Problems with the decontamination of metagenomic data or viral data

benjjneb / decontam

Simple statistical identification and removal of contaminants in marker-gene and metagenomics sequencing data

https://benjjneb.github.io/decontam/

147 stars 25 forks source link

Problems with the decontamination of metagenomic data or viral data #136

Open 1023011930 opened 1 year ago

1023011930 commented 1 year ago

Dear Sir or Madam, I appreciate your significant contribution in decontaminating the sequencing data. I haven't used decontam yet, but I think most of the examples were researched based on ASV/OTU relative abundance tables As for metagenomic data，As I understand it, removal can be done by constructing MAG abundance tables But viral data are difficult to bin and thus constitute a MAG, and they are often found in the form of a Contig. I would like to ask if decontam can decontaminate based on contig abundance (is this scientific？) From what I've read, the "https://www.nature.com/articles/s41586-020-2192-1" article uses Karken categorical data as the basis for decontaminated decontamination, is this a good approach? Thank you very much for giving me some instructions!

1023011930 commented 1 year ago

To summarize, my problem is that some of the macrogenomic data is difficult to binning into "metaOTU", such as viral data (the kind of ASV relative abundance table that can't generate normal 16s data). What should I do with these data in the macrogenome to use them as input files for decontam?
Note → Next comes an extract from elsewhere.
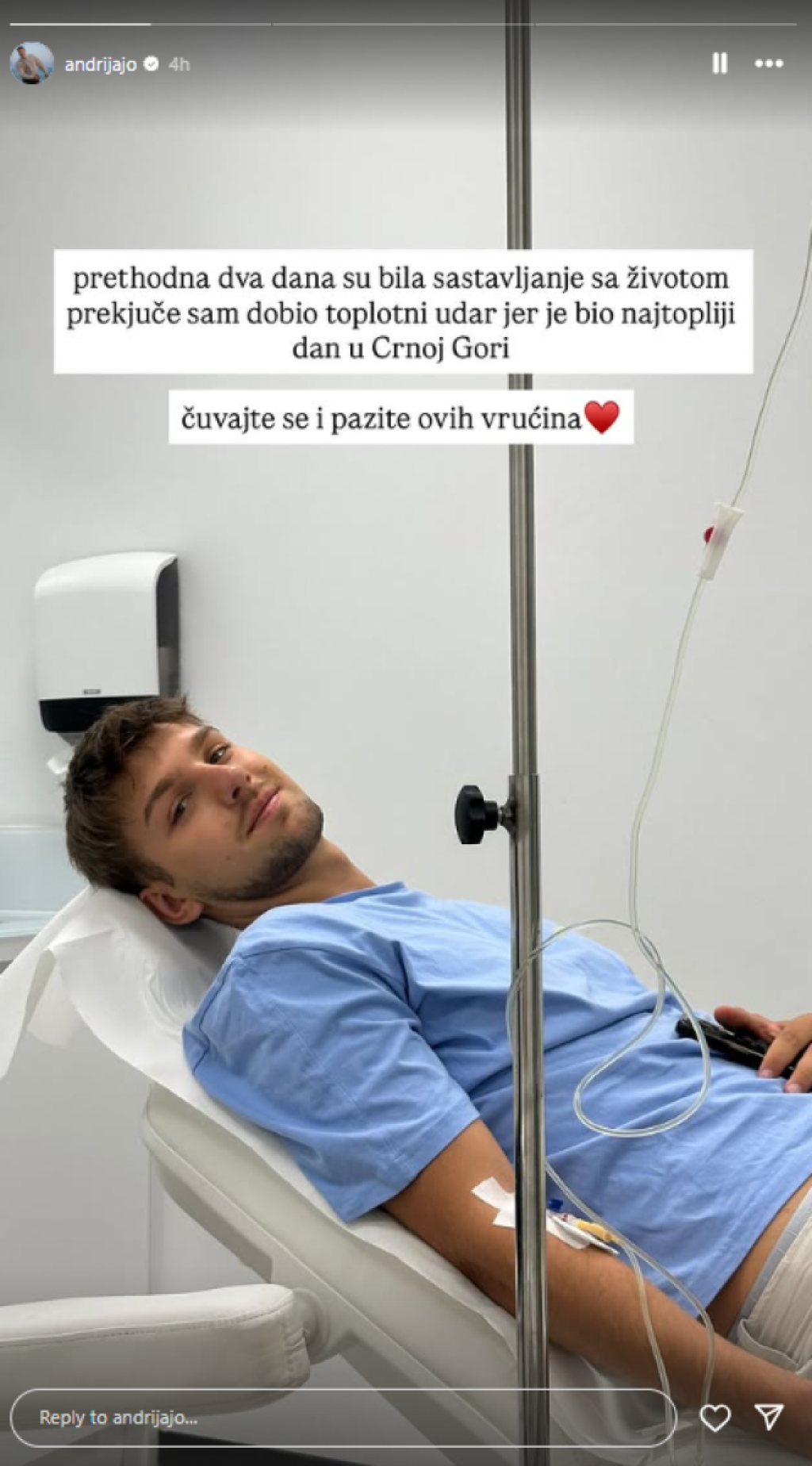 "Prethodna dva dana su bila sastavljanje sa životom, prekjuče sam dobio toplotni udar jer je bio najtopliji dan u Crnoj Gori", napisao je Andrija Jo i dodao: "Čuvajte se i pazite se od ovih vrućina."

benjjneb commented 1 year ago

You can use decontam with any feature type that has a relative abundance in each sample. This includes contigs.

1023011930 commented 1 year ago

You can use decontam with any feature type that has a relative abundance in each sample. This includes contigs.

Does this mean that I can use software such as "BWA OR bowtie2" to quantify the contig, then calculate the RPM or TPM, and then use them as the relative abundance for decontam? Thanks for your kindness!

1023011930 commented 1 year ago

In my perception, a standardized contig abundance scale is not the same as a relative abundance scale like 16s.

In my perception, a 16s abundance table is where each sample sums to 100% and each OTU takes up a portion of the 100%, and the percentage（0-100%） taken up is the data

Whereas standardized contig abundance tables generally use the TPM (OR read count) of each contig as the data，So their values are not necessarily in the (0-100) range

It seems to me that these two abundance tables are not the same, may I ask how the contig abundance table is generally handled, if there is a corresponding tutorial or literature I would be very grateful! Thank you for your answer.

benjjneb commented 1 year ago

TPM is also a relative abundance. You can use it just the same.

A "relative abundance" measure, is any metric that informs about the abundance of this relative to that. If the TPM of contig X is doubel that of contig Y, then X has double the relative abundance (by this measure) of contig Y.

1023011930 commented 1 year ago

TPM is also a relative abundance. You can use it just the same.

A "relative abundance" measure, is any metric that informs about the abundance of this relative to that. If the TPM of contig X is doubel that of contig Y, then X has double the relative abundance (by this measure) of contig Y.

I think I see what you mean, I will try using standardized contig relative abundance, thank you very much for your reply!